その後二度の火災で焼失しながら、1940年代に再建されたスパニッシュ様式の建物が、日帰り入浴施設として現在も使われています。
突如、ゴーッという大きな音がして振り向くと、通りを挟んで反対側から白煙が上がっています。
コンクリートの構造物に囲われているのが源泉井戸で、約5分おきに水蒸気を吹きます。
間欠泉の活動が、ささやかながら残っているようです。
湧出点の温度は96℃というまれに見る高温。
近くに地熱発電所があるのも、むべなるかな。
構造物からあふれた温泉は斜面を下り、含有成分が流路に析出しています。
湯はそのまま、通りの端を流れ去ります。
スティームボート温泉&ヒーリング・センターは温泉宿でも公衆浴場でもなく、ヒーリング、デトックス、リラクゼーションを目的とした温浴施設です。

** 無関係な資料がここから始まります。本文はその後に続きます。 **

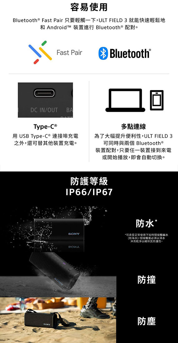 SONY新力 SRS-ULT30/B 羽黑 便攜式防水藍牙喇叭

基本的な方向性は開業時から変わらず、Dr. Carverの先見の明に、時代がようやく追いついたようです。
ヨガからアーユルヴェーダまで、様々なワークショップが用意されています。
もちろん入浴のみも可能で、30分一人$20.00、二人$35.00~(執筆時現在)。
受付では「好きな香りは何?」と聞かれます。
ぼんやり聞き流すと浴槽にラベンダー・アロマなどを投入されるので、全力で拒否してください。
無香料でよろしく!
超高温の源泉に、やむを得ず加水
浴場は七つの貸切内風呂と一つの露天風呂で構成されます。
まずは屋外エリアから。
緑いっぱいの裏庭に、4人サイズのプールが一つ。
適温に加水された源泉が、勢いよく投入されています。
私は30分コースで貸切内風呂を割り当てられましたが、露天風呂も自由に使っていいと告げられました。
短時間のため、かなり慌ただしくなりましたが……
内風呂へ移りましょう。
どれも似たような構造で、白いタイル張りの個室。
面白いことに部屋毎にシンボルカラーが決まっていて、照明とステンドグラスの色で違いを付けています。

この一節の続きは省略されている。